Exercise brief:
Repeat the data that follows exactly, starting at the line with "7月と8月の夏季(平水期)期" and ending at the line with "SALSA Party mit", and leave out every picture.

Records provided:
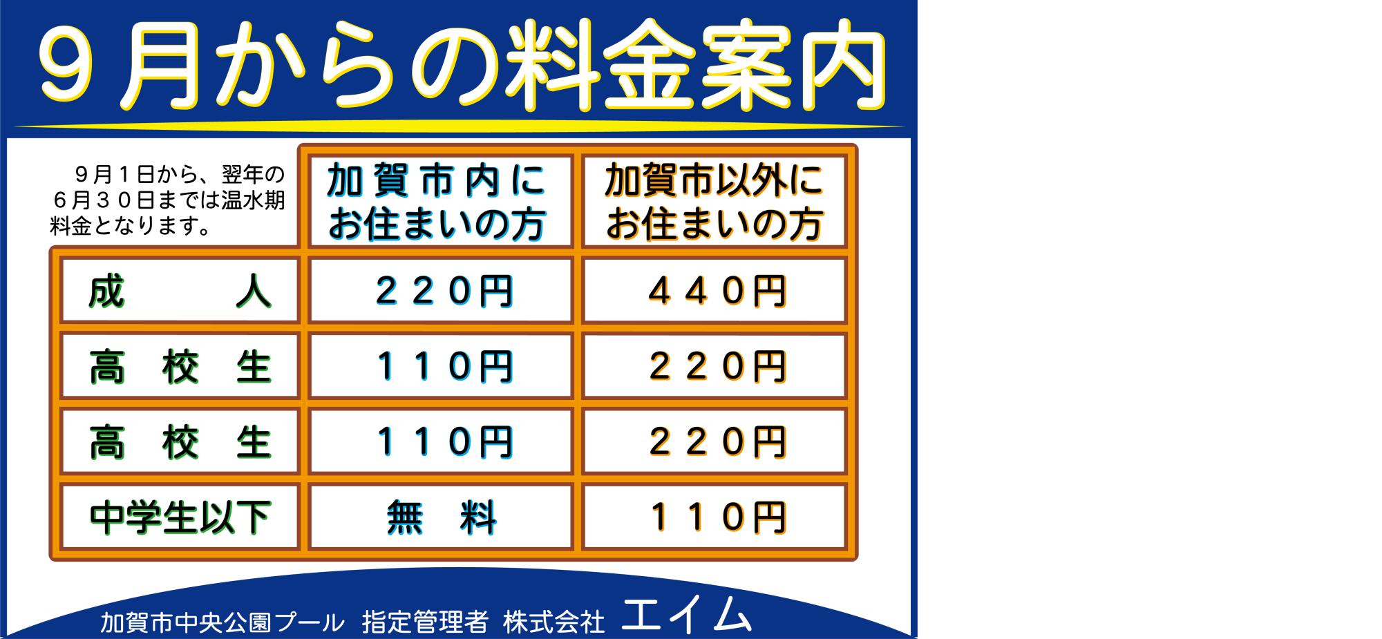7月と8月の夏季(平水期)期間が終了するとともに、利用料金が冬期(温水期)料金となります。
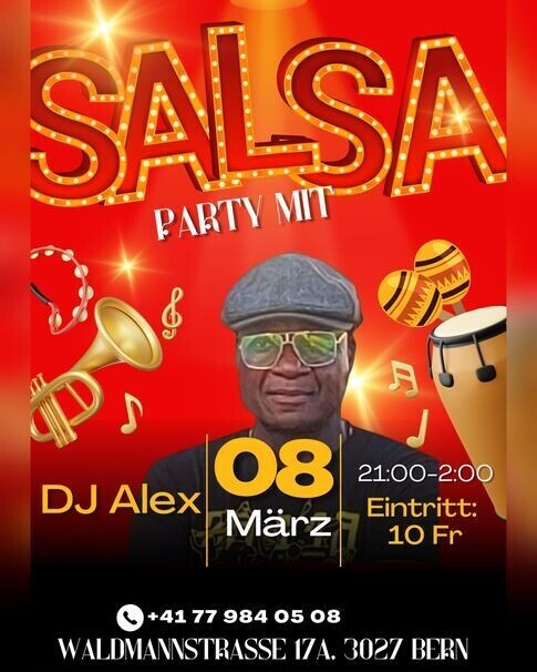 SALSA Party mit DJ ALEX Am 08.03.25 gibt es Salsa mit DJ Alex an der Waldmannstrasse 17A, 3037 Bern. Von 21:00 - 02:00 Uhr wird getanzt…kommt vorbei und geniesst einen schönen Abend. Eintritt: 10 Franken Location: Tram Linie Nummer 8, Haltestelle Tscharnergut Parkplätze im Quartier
==
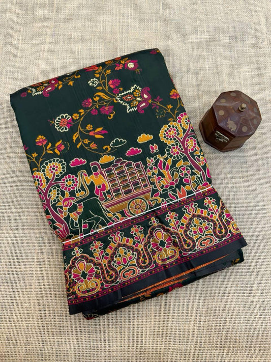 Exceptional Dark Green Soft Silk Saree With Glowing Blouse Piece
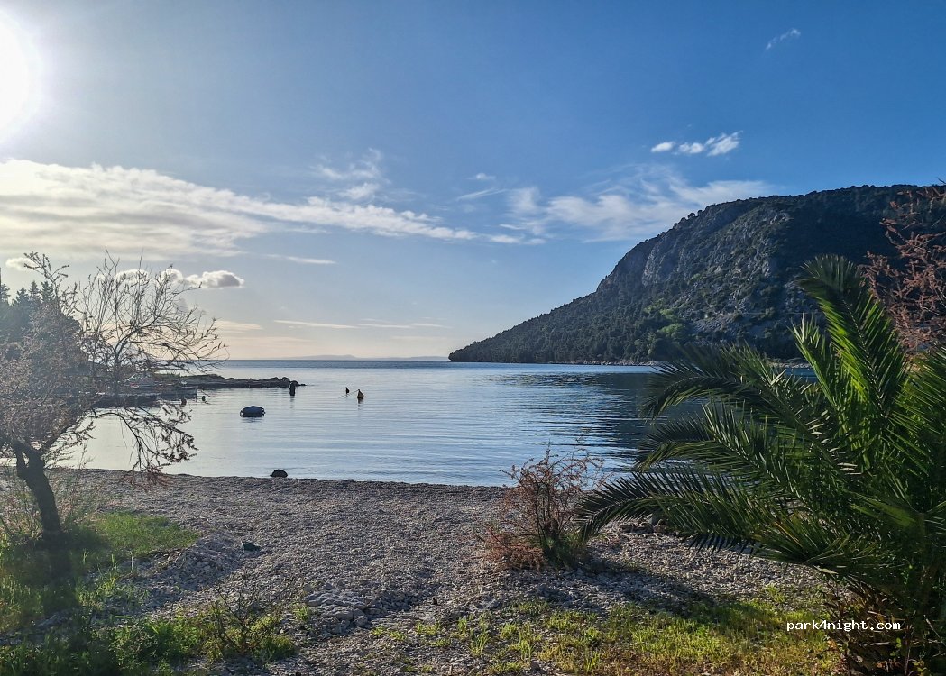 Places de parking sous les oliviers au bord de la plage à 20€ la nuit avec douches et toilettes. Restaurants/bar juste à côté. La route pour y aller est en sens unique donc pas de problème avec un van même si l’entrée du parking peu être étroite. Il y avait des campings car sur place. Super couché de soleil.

Response area:
7月と8月の夏季(平水期)期間が終了するとともに、利用料金が冬期(温水期)料金となります。
 SALSA Party mit DJ ALEX Am 08.03.25 gibt es Salsa mit DJ Alex an der Waldmannstrasse 17A, 3037 Bern. Von 21:00 - 02:00 Uhr wird getanzt…kommt vorbei und geniesst einen schönen Abend. Eintritt: 10 Franken Location: Tram Linie Nummer 8, Haltestelle Tscharnergut Parkplätze im Quartier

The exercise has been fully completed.